In another time, I might have snickered immaturely at the word “pelvis.” But at that moment, all I could do was numbly follow the instructions, while trying to block smells and memories.

It was bred for this, I reminded myself, holding the scalpel. Inside a claustrophobic metal cage, it had been fed scraps. It had been genetically manipulated for a satisfactory amount of plumpness and complacency. It had been bred with a smaller brain, too; it was too stupid to see how trapped it was. To see that this is how it would end up, amid the glint of scalpels, the snick of blades sliding into flesh.

I was stuck in an in-between place, not sure whether I was in biology class or back at the School. Student voices and whitecoat voices bounced around in my mind.

Then Dr. Williams’s face materialized all up in my grill. “Max, Dylan, how’s it going so far?”

I nodded, trying to slow my breathing—I hadn’t realized I’d been hyperventilating. “I’m okay… really.” I looked up at his face, at the four wrinkles on his forehead, his almost calculating hazel eyes.

It was all somewhat… familiar.

Alarm bells went off in my head, wailing, Danger danger danger! My alarm bells were not to be taken lightly.

Was it possible that Dr. Williams was a whitecoat?

“Actually, I feel a bit sick,” I said brusquely. “Come on, Dylan. Iggy!”

Iggy twitched on his stool and turned in the direction of my voice.

“C’mon, Ig,” I repeated, ignoring Dylan’s curious glance. “Time to go.”

“Max, the boys seem fine,” Dr. Williams said. Concerned or threatening, concerned or threatening? It was a question I had to ask myself way too often.

“No, I feel sick, too,” Dylan said. Good boy.

Iggy wove through the maze of lab tables. “Gonna barf,” he informed Dr. Williams. “Gotta go.”

I strode toward the door, itching to hightail it out of there.

“Oh, no, you don’t, Maximum,” said Dr. Williams in a steely voice.

And here we go. I sighed.

I leaned forward onto the balls of my feet, ready to spring into action. Dylan moved ever so slightly, placing himself a bit in front of me and in a good fight position. I felt Iggy tense up. Tapping his forearm twice, I breathed, “Little over six feet. Bit of a belly. Dead center.” Nobody but Iggy—and maybe Dylan—would be able to hear me. Ig inclined his chin the tiniest bit. He understood.

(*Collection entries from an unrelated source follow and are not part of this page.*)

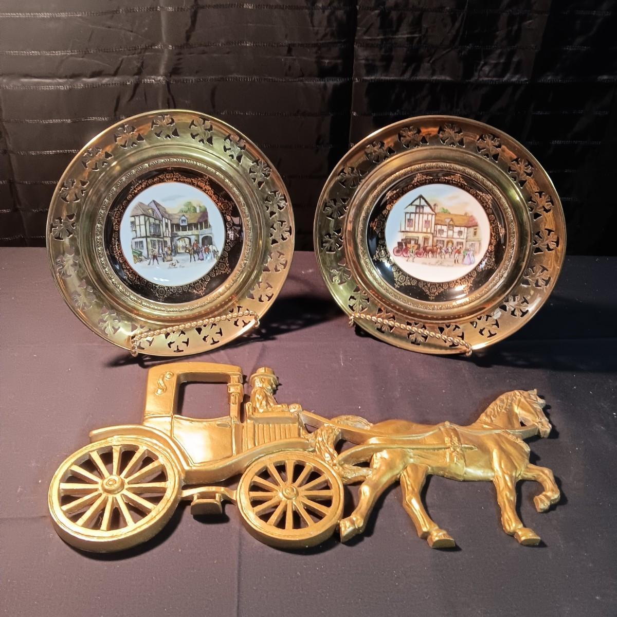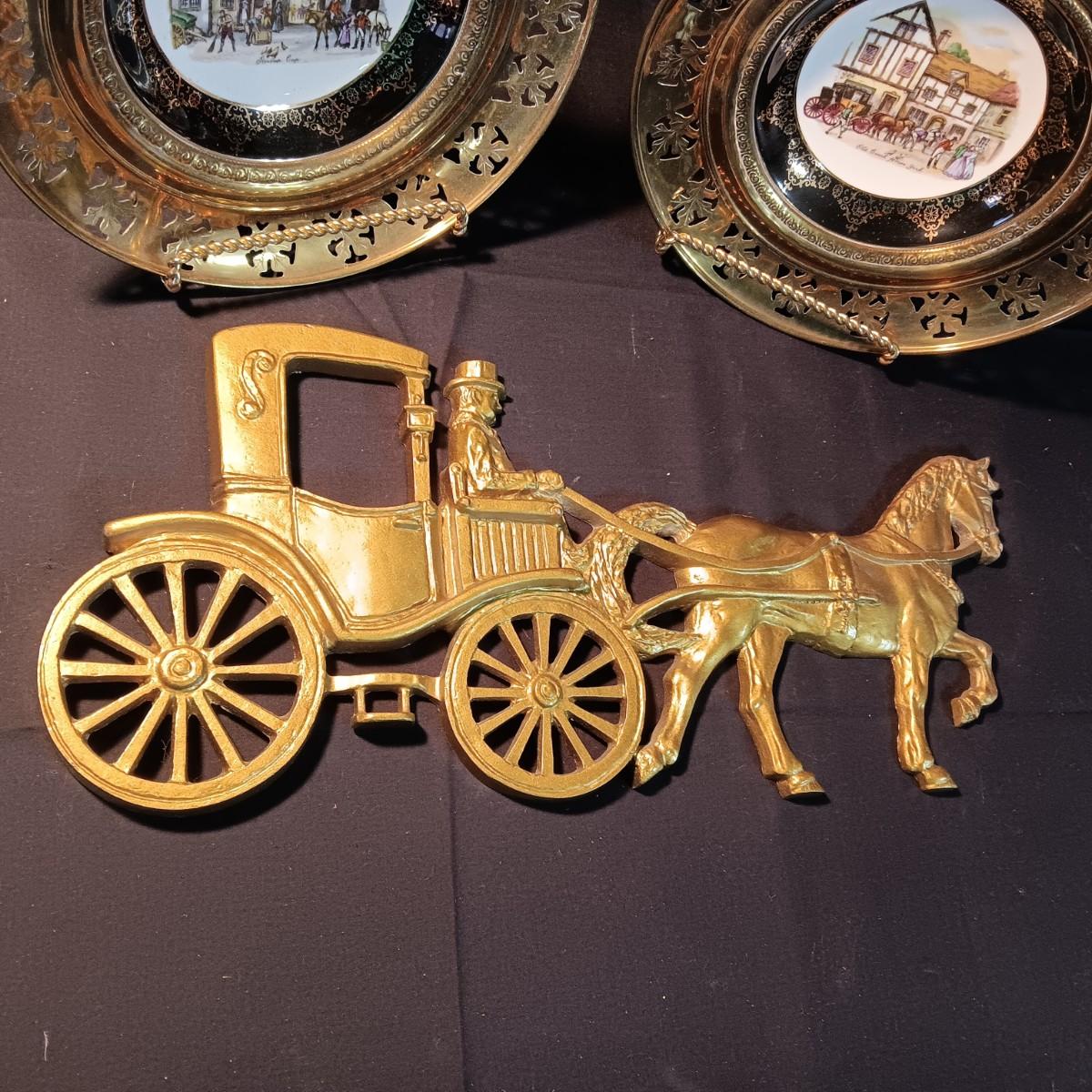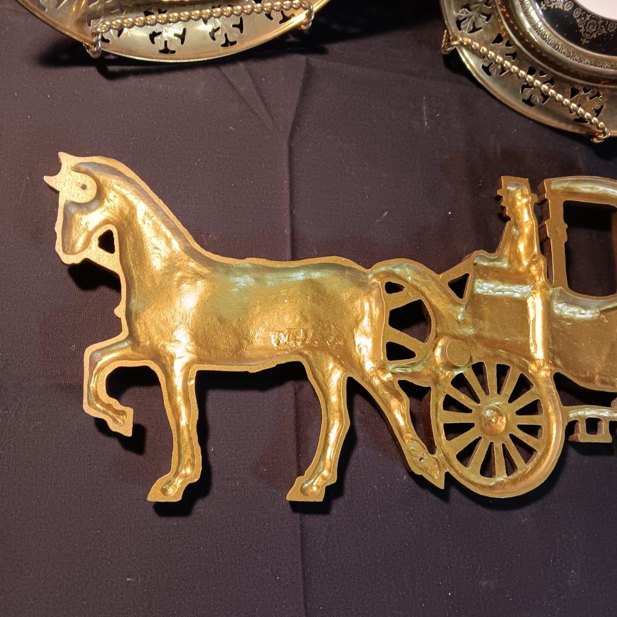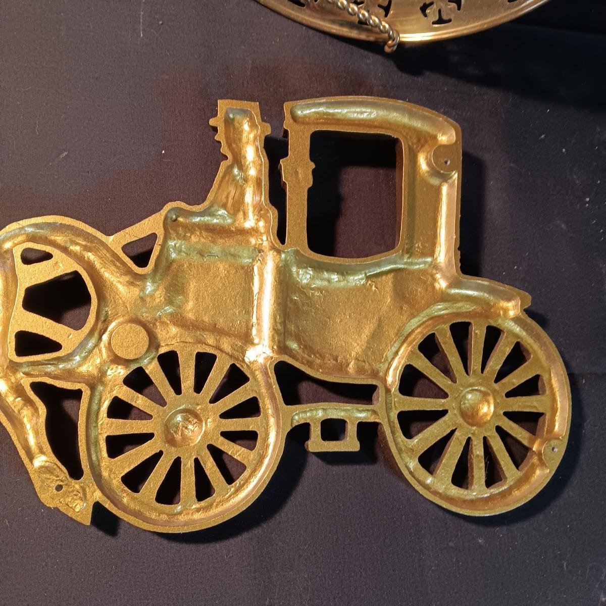 HEAVY METAL WALL HUNG CARRIAGE AND 2 REGENCY PLATES IN BRASS FRAME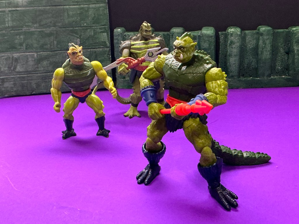 PICTURED: MASTERVERSE New Eternia Whiplash, Vintage Masters of the Universe Whiplash, and 200x Masters of the Universe Whiplash.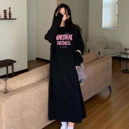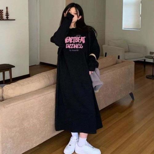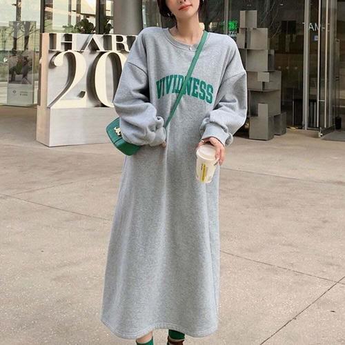 [셀럽하우스]기모 DGWV1268 인기 여성 레터링 맨투맨 감성 롱 티 원피스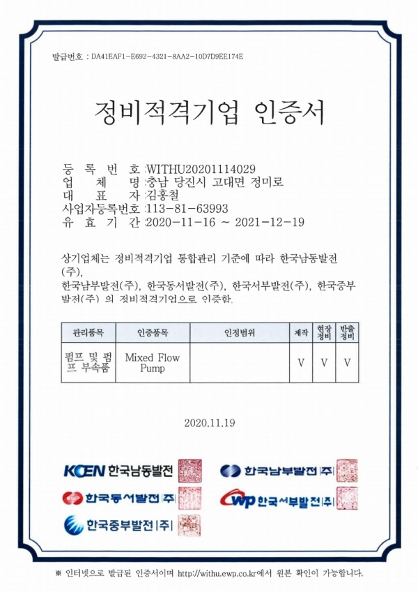 펌프 및 펌프 부속품_Mixed Flow Pump

Dr. Williams shuffled past the cardboard box of chicken bags to his desk, where he brought out some Post-its and started scribbling. I watched him the entire time. If he charged, I’d drag Iggy and Dylan to the left, roll over the empty lab table, and shoot out the door. If he yanked a gun out of his geeky teacher pants, we’d dive behind the table, chuck some scalpels for good luck, and then shoot out the door.

“So what’s the story, Doctor?” I asked Dr. Williams, crossing my arms. Everyone in the classroom was staring at us now. “Wait, I know—your plan is to make my life miserable? Or possibly destroy us?”

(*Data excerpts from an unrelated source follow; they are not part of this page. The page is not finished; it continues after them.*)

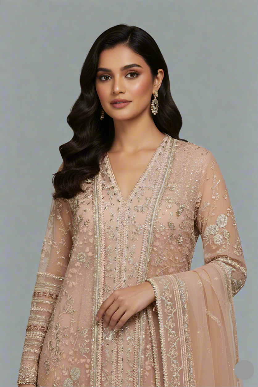 This stunning ensemble features an elegant open A-line shirt crafted from premium organza, paired with a sleek grip trouser and a matching organza dupatta. The shirt, with its flowing silhouette, measures between 54 to 56 inches in length, offering a graceful and dramatic flair perfect for formal occasions. With a total weight of 1.150 kg, this 3-piece outfit maintains a luxurious yet wearable feel. The organza fabric enhances the outfit's regal appeal, while the grip trousers provide a comfortable and polished finish to the look.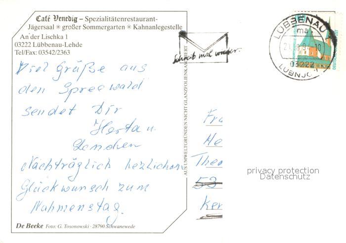 73659604 alte Postkarte Lehde Cafe Venedig Restaurant postalisch gelaufen Erhaltung siehe scans [LiesaD40] KatCode: 11110012066196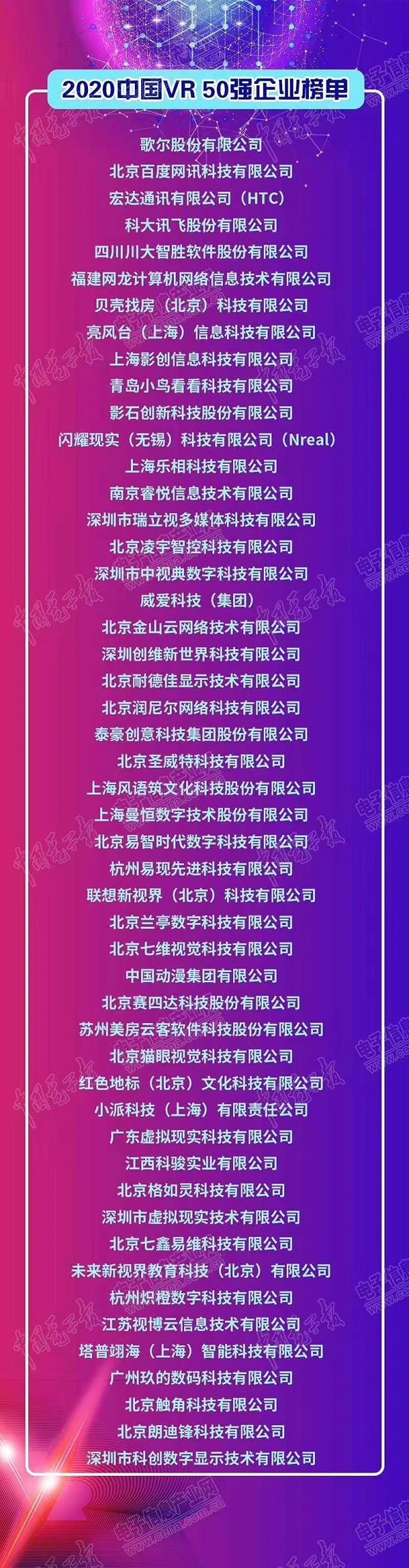 在10月19日上午舉辦的2020世界VR產(chǎn)業(yè)大會(huì)主旨演講環(huán)節(jié)最后,中國(guó)工程院院士、虛擬現(xiàn)實(shí)技術(shù)與系統(tǒng)國(guó)家重點(diǎn)實(shí)驗(yàn)室主任趙沁平代表組委會(huì)公布了本次“中國(guó)VR 50強(qiáng)”企業(yè)名單,入選企業(yè)如下: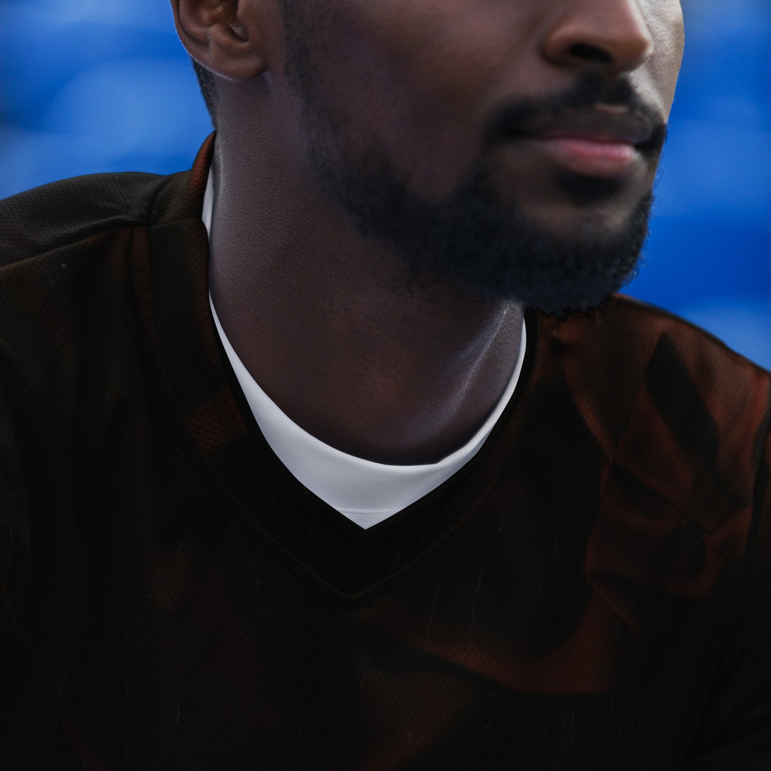 Looking for the perfect sports jersey? We have you covered—made of 100% recycled polyester fabric, this shirt is breathable, moisture-wicking, and has a double-layered v-neck collar that creates a premium look.

Dr. Williams smiled thinly. “What do you mean, Max? I just don’t want you to get in trouble for walking out of class.” He held out three hall passes.

Well, that was… unexpected. I narrowed my eyes at him, but he didn’t falter.

“Let’s go, boys.” I shrugged and took the passes, and we walked out of the classroom.

My alarm bells never stopped ringing.

21

“MAX’S LIFE IS in danger.”

Dylan’s breath quickened. Okay, now Dr. Williams had his attention.

“But you can keep her safe, Dylan. All you have to do is cooperate with us.”

After they’d fled the disastrous dissection lab, Dylan had realized that he’d left one of his textbooks behind, so he had gone back to get it.

Big mistake.

The other students were already gone, leaving only the biology teacher behind. Now Dylan was alone in the lab with him and the chicken carcasses, and it looked like he was, as Max would say, in deep, deep sneakers.

Dylan leaned against the table and frowned at the teacher. “What do you want?” he said in a hostile voice he hoped sounded as tough as Max’s. He fingered a scalpel that one of the other kids had left behind, but it didn’t make him feel any more secure.

Dr. Williams smiled, making wrinkles appear around his mouth. “I’m not your enemy, Dylan. I have vital information for you, straight from Dr. Gunther-Hagen himself.”